Stéphanie savait qu’il allait bientôt venir, mais elle fut surprise lorsqu’il posa ses mains sur sa tête et commença à la baiser au visage. Ça l’excitait énormément ! À chaque fois qu’ils étaient ensemble, il devenait de plus en plus agressif… du moins après ses débuts généralement timides.
« Prends ma bite », dit-il en la baisant au visage, ses couilles rebondissant littéralement sur son menton tandis qu’elle prenait sans difficulté toute sa grosse bite.
Stéphanie gémit à nouveau sur sa verge, pour lui faire comprendre qu’elle appréciait son traitement brutal.
Joel n’a même pas tenu une douzaine de coups avant de déverser sa semence dans sa bouche incroyable.
Une fois qu’il eut fini de tirer, il retira son arme et elle se leva et demanda : « D’où ça vient ? »
« Mes couilles », a-t-il plaisanté.
« Espèce de petit malin », dit-elle en lui prenant la main et en le conduisant dans sa chambre.
Une fois sur place, elle laissa tomber sa robe et, en prenant la pose, demanda : « Vous aimez ? »
« L’amour », corrigea-t-il en s’approchant d’elle et en la poussant sur le lit.
« J’aime les hommes qui savent prendre les choses en main au lit », murmura Stéphanie.
« Tu as eu ton goûter, maintenant c’est mon tour », dit-il en écartant ses jambes, en rampant entre elles et… en découvrant un plug anal dans son cul.
« C’est comme ça que je prépare ta surprise. Ce n’est qu’un substitut temporaire, en attendant que tu sois prêt à le remplacer », dit Stéphanie, son anus lubrifié et grand ouvert pour une pénétration rapide et facile.
« Tu es vraiment une salope », dit-il en plongeant dans son vagin.
« Ta salope », gémit-elle, tandis qu’il lui léchait la chatte.
« Tellement délicieux », dit-il en léchant et en explorant son intimité humide.
« Je sais », gémit Stéphanie, s’étant goûtée plusieurs fois sur les bites de ses fils et d’elle-même.
Il léchait, il explorait, il effleurait son clitoris… la faisant délibérément plaisir et la taquinant… voulant l’entendre supplier.
L’orgasme de Stéphanie montait tandis qu’il la léchait avec une précision impressionnante… l’excitant au plus haut point, sans pour autant lui faire atteindre l’orgasme.

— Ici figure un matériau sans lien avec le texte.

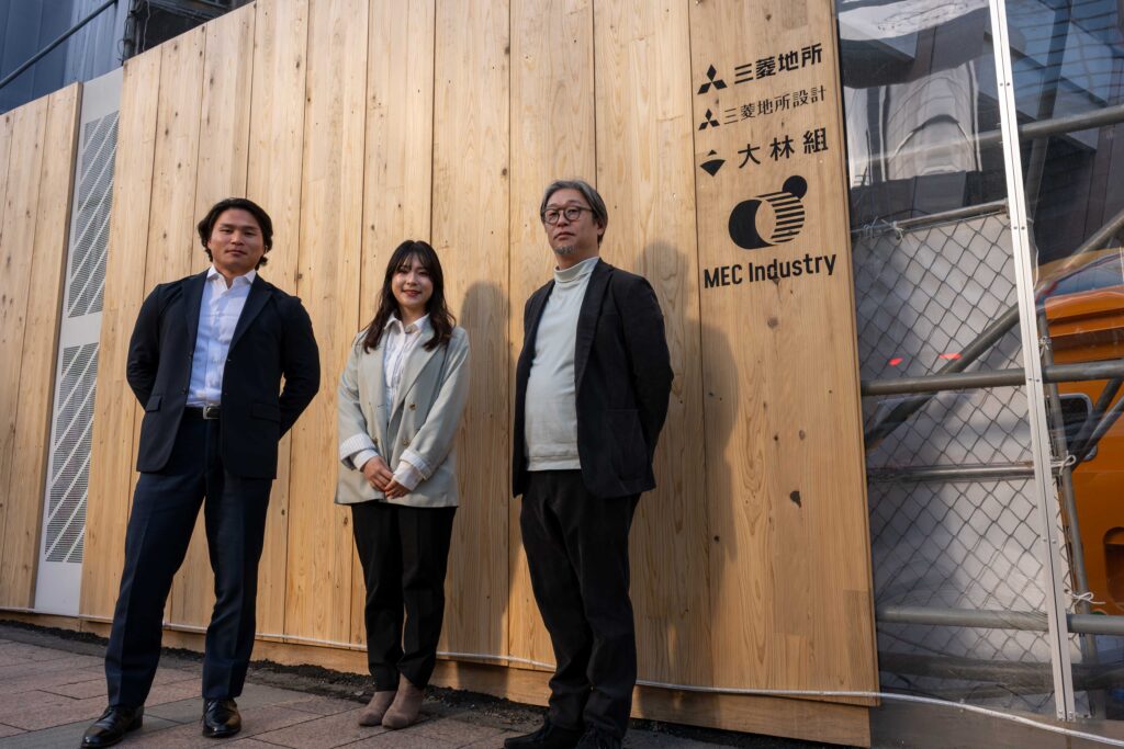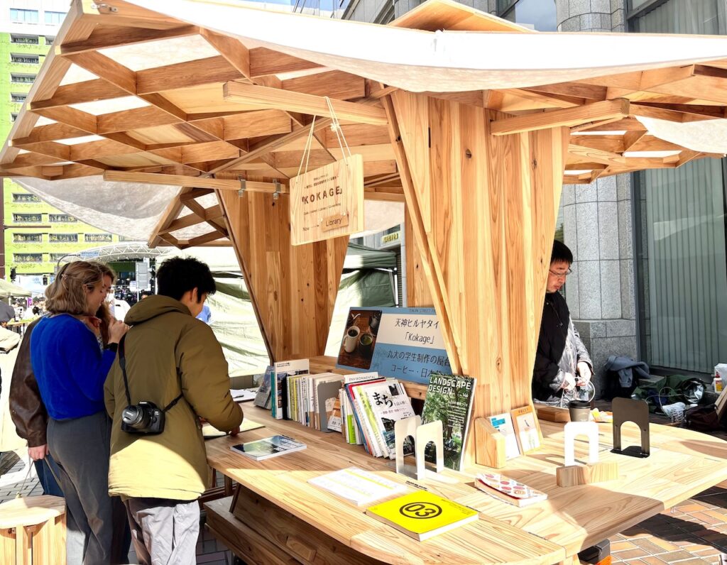 林:工事現場の仮囲いも、全周を建物外装と同じくMEC Industryが製造する九州産の無塗装杉材で行っています。街の人たちが写真を撮ったり、手で触れたりしてくださる姿をよく見かけます。また、工事終了後の仮囲い撤去材を廃棄するのではなく、什器(じゅうき)などとして新たに再活用する検討を、九州大学の学生と協力して行っています。1-7計画開業後の恒常的な設置を目指して、イベントや公開空地での試験的な設置も行っており、建材のアップサイクルという観点でも新たな試みです。

Elle comprit vite qu’il jouait avec elle. Elle gémit en lui agrippant la nuque : « Suce-moi le clitoris, Joël. Fais jouir maman. »
Même si elle n’était pas sa « maman », et que sa propre maman était loin d’être aussi sexy que Stéphanie, le mot « maman » l’excitait énormément pendant ces moments intenses. Il s’exécuta, suçant son clitoris et glissant deux doigts dans son vagin.
« Oh oui, fais-moi jouir avec tes doigts, mange-moi, fais-moi jouir, fais-la jouir », gémissait Stéphanie en soulevant ses fesses et en essayant maladroitement de se frotter contre son visage.
« Viens salope, viens tout de suite », dit Joel en la pénétrant violemment avec ses doigts, tout en glissant un troisième doigt à l’intérieur d’elle.
« Un poing, enfonce tout ton poing dans maman », exigea Stéphanie, désirant se sentir extraordinairement pleine.
« Vraiment ? » demanda-t-il, étonné par cette nouvelle exigence !
« Maintenant, putain, baise-moi à coups de poing », exigea-t-elle d’un ton frénétique, urgent et impérieux en lâchant sa tête.
« D’accord », dit-il en serrant le poing et en observant attentivement comment il le poussait en avant, émerveillé de le voir disparaître dans le vagin étroit.